This researcher has a ton of papers out, that I have not started reading yet. MCAS is implicated in Ehlers-Danlos, a connective tissue disease and in ME/CFS (myalgic encephalomyelitis/chronic fatigue syndrome) as well as POTS (postural orthostatic tachycardia syndrome) and can get triggered by Covid-19. Well.

The good thing is that treatment is quieting the sympathetic nervous system to let the parasympathetic take over. The sympathetic is the fight or flight hyper one. Parasympathetic is the rest, relax, mellow out, slow heart rate, blood pressure down, digestion and quiet one. I think United States culture is crazy fight or flight most of the time (We’re number one!– so what?) and the pandemic has put the whole world into fight or flight mode. Crazy.

Back in Family Medicine residency, 1993-96, I had a number of ME/CFS, chronic fatigue patients. They tended to be hyper sensitive to medicines and have all sorts of symptoms which were fluid and changable and difficult to pin down. What I noticed though is that many of them had been super high acheivers or working multiple jobs or crazy high stress, until they hit some sort of wall. Often an infection but not always. The ones I saw wanted to go back to working 18 hours a day. I said, “Um, that’s how you got this, I do not think that is a good goal.” This often pissed people off. Even back then, I thought that chronic fatigue was a body reset, where the body rebels, some sort of switch is thrown, and people rest whether they want to or not. Some do recover but it can take ages. The Thursday speaker seems to think it’s the mast cells doing this.

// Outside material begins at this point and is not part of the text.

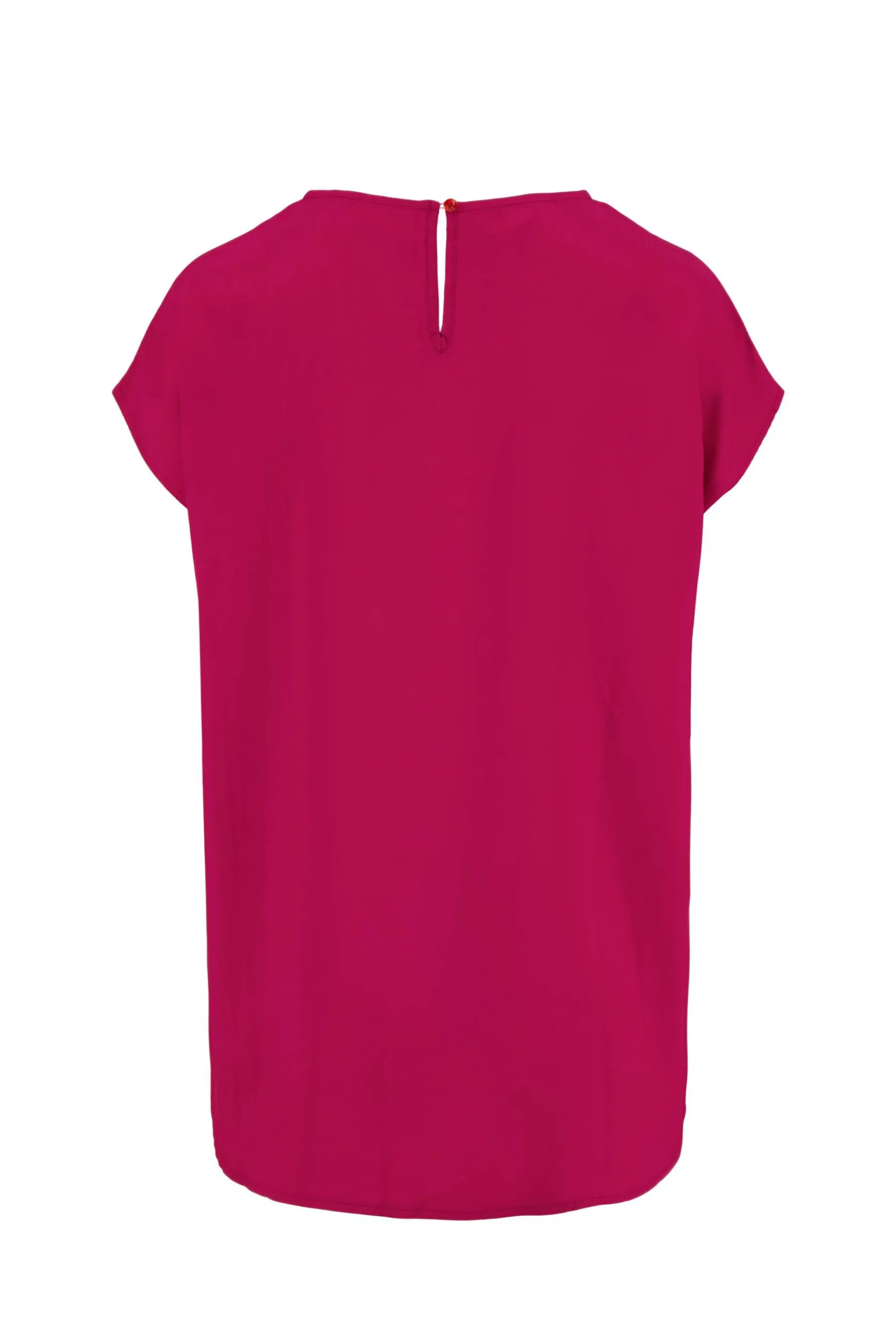 Zusss satijnen twill top met boothals roze rood|Hey leukerd! Deze mooie Zusss top van is zooo fijn! De satijnen twill top heeft een mooie roze rode kleur. Je draagt ´m bijvoorbeeld op een fijne broek of twill rok van Zusss. De top heeft korte mouwen en een boothals. Leuke details zijn het borstzakje aan de linkerkant en de knoopsluiting bij de nek. Dit item is gemaakt van 52% viscose en 48% tencel. Neem ook eens een kijkje bij de Zusss mooimakers. Welke items match jij met je nieuwe Zusss kleding?|Zusss: basic, stoer, uniek en een tikkeltje eigenwijs.

The UW speakers were careful. They said we do not know how long Long Covid lasts. One said they do not like to diagnose POTS, because POTS is usually permanent and the Long Covid tachycardia usually resolves. They are seeing people who got sick 2-3 years ago and are still sick, but they also have people who have recovered in 9-12 months. They do not know if patients are entirely recovered or whether there will be other problems later. They also aren’t sure that the chronic fatigue like symptoms are the same as the rest of the ME/CFS. Remember when dementia was Alzheimer’s? Now there are all sorts of different dementia diagnoses, Lewy body, frontotemporal, Huntington’s, stroke dementia, alcoholic dementia, Parkinson’s, Alzheimer’s, and others. When I was in residency, we had hepatitis A, hepatitis B and non A non B. Now we are up to G or beyond. Medicine changes and it’s moving as fast as possible for both acute Covid-19 and Long Covid.

The mast cell reasearcher talked about getting the sympathetic and parasympathetic nervous systems back in balance. I think maybe we ALL need that. Every person in the whole world. One way to quiet the sympathetic nervous system is to slow your breathing. Try it. For five minutes, or three minutes. Slow breath in for a count of four or five and slow breath out for a count of five. Let your brain roam around and fuss, but let go of each thought as it passes by and return to counting and breathing.

Slow in, slow out.

Practice and heal.

_____________________

The musicians are Johnathan Doyle and a friend. They were fabulous, last Tuesday at the Bishop Hotel.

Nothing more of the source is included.